_Supplied data_:
★ ★ ★ ★ ★
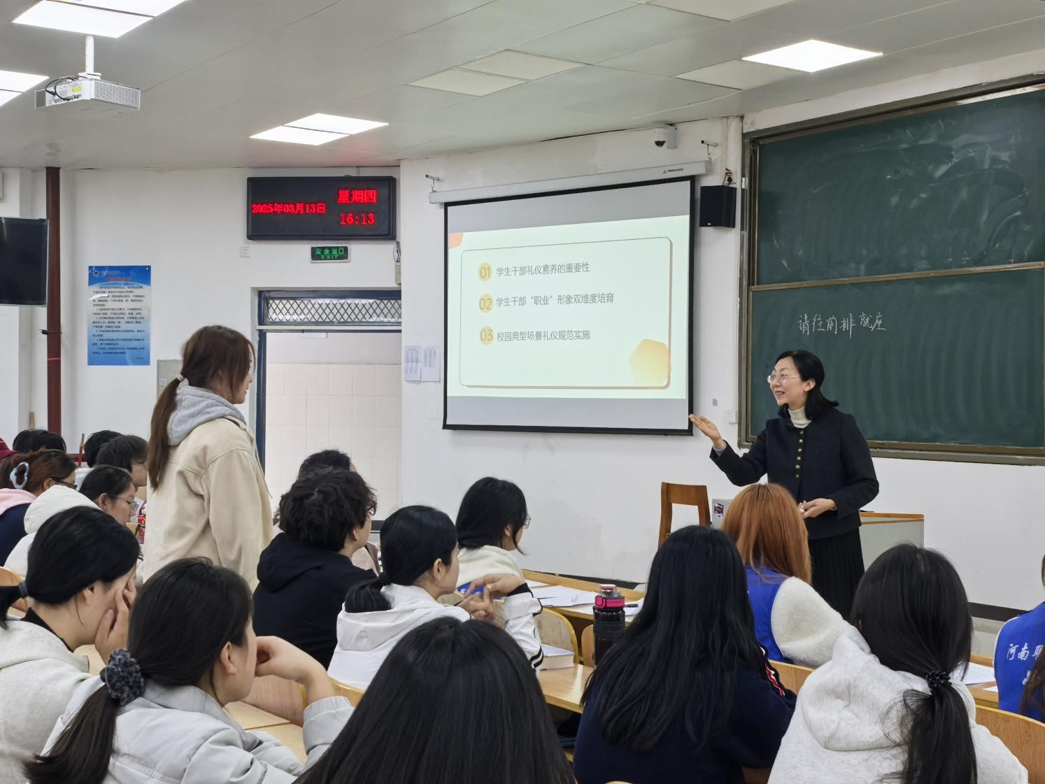 为进一步强化学生干部的礼仪素养与综合能力,助力打造高素质学生干部队伍,3月13日下午,校日韩精品视频在线在明知楼3205教室举办了以“礼仪在心,温暖你我”为主题的专题培训活动。本次培训由文化旅游学院副教授周爱梅老师主讲,校日韩精品视频在线主要学生干部及各院系学生骨干代表300余人参加本次培训。
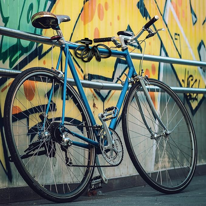 - Secure cable bike lock: Flexible 12mm(1/2 inch diameter) steel cable prevent your bike from strong cutting, and the PVC coating helps to prevent from scratching and rusting.
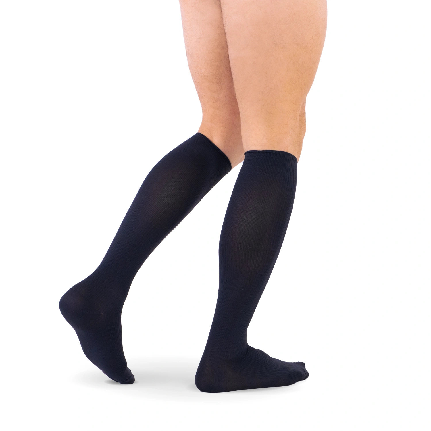 Gambaletto riposante a compressione differenziata in lycra e skin-life, maglia a costina 2/2, vero tallone diminuito, elegante finitura senza polsino, costruito in 5 taglie. Grazie alla microfibra Skin-life, la temperatura del piede resta costante mantenendo la calza sempre morbida anche dopo molti lavaggi;
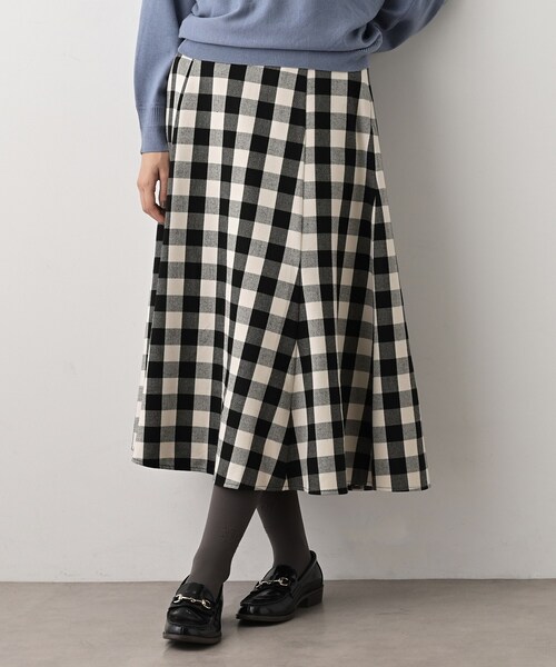 【デザインポイント】オリジナルのチェック柄を使用したフレアスカートです。全体的なフレアに加えて裾に向かって少しボリュームが出るようなデザインで、きれいなシルエットが定評です。【スタイリングポイント】ニットやカジュアルなスウェットにも合わせやすいスカートです。暗くなりがちな冬のスタイリングにプラスして華やかな印象に。【素材ポイント】Dessinオリジナルのチェック柄で、表面に起毛が入っており暖かみのある着心地のよい素材感です。【仕様】・ポケットなし・左脇ファスナー・ウエスト後ろゴム・裏地あり※照明の関係により、実際よりも色味が違って見える場合があります。また、パソコン・スマートフォンなどの環境により、若干製品と画像のカラーが異なる場合もございます。モデル情報:身長166cm B72 W62 H86 着用サイズ:02(M)店舗へのお問い合わせ商品番号:F58-74030●製品寸法:00(XS):W60~64cm H92cm 総丈79cm01(S):W63~67cm H94cm 総丈81cm02(M):W65~69cm H95cm 総丈82cm03(L):W68~72cm H96cm 総丈83cm備考:
★ ★ ★ ★ ★
_Exercise description_: Return the data exactly as it stands, minus the pictures.

_Expected answer_:
 为进一步强化学生干部的礼仪素养与综合能力,助力打造高素质学生干部队伍,3月13日下午,校日韩精品视频在线在明知楼3205教室举办了以“礼仪在心,温暖你我”为主题的专题培训活动。本次培训由文化旅游学院副教授周爱梅老师主讲,校日韩精品视频在线主要学生干部及各院系学生骨干代表300余人参加本次培训。
 - Secure cable bike lock: Flexible 12mm(1/2 inch diameter) steel cable prevent your bike from strong cutting, and the PVC coating helps to prevent from scratching and rusting.
 Gambaletto riposante a compressione differenziata in lycra e skin-life, maglia a costina 2/2, vero tallone diminuito, elegante finitura senza polsino, costruito in 5 taglie. Grazie alla microfibra Skin-life, la temperatura del piede resta costante mantenendo la calza sempre morbida anche dopo molti lavaggi;
 【デザインポイント】オリジナルのチェック柄を使用したフレアスカートです。全体的なフレアに加えて裾に向かって少しボリュームが出るようなデザインで、きれいなシルエットが定評です。【スタイリングポイント】ニットやカジュアルなスウェットにも合わせやすいスカートです。暗くなりがちな冬のスタイリングにプラスして華やかな印象に。【素材ポイント】Dessinオリジナルのチェック柄で、表面に起毛が入っており暖かみのある着心地のよい素材感です。【仕様】・ポケットなし・左脇ファスナー・ウエスト後ろゴム・裏地あり※照明の関係により、実際よりも色味が違って見える場合があります。また、パソコン・スマートフォンなどの環境により、若干製品と画像のカラーが異なる場合もございます。モデル情報:身長166cm B72 W62 H86 着用サイズ:02(M)店舗へのお問い合わせ商品番号:F58-74030●製品寸法:00(XS):W60~64cm H92cm 総丈79cm01(S):W63~67cm H94cm 総丈81cm02(M):W65~69cm H95cm 総丈82cm03(L):W68~72cm H96cm 総丈83cm備考:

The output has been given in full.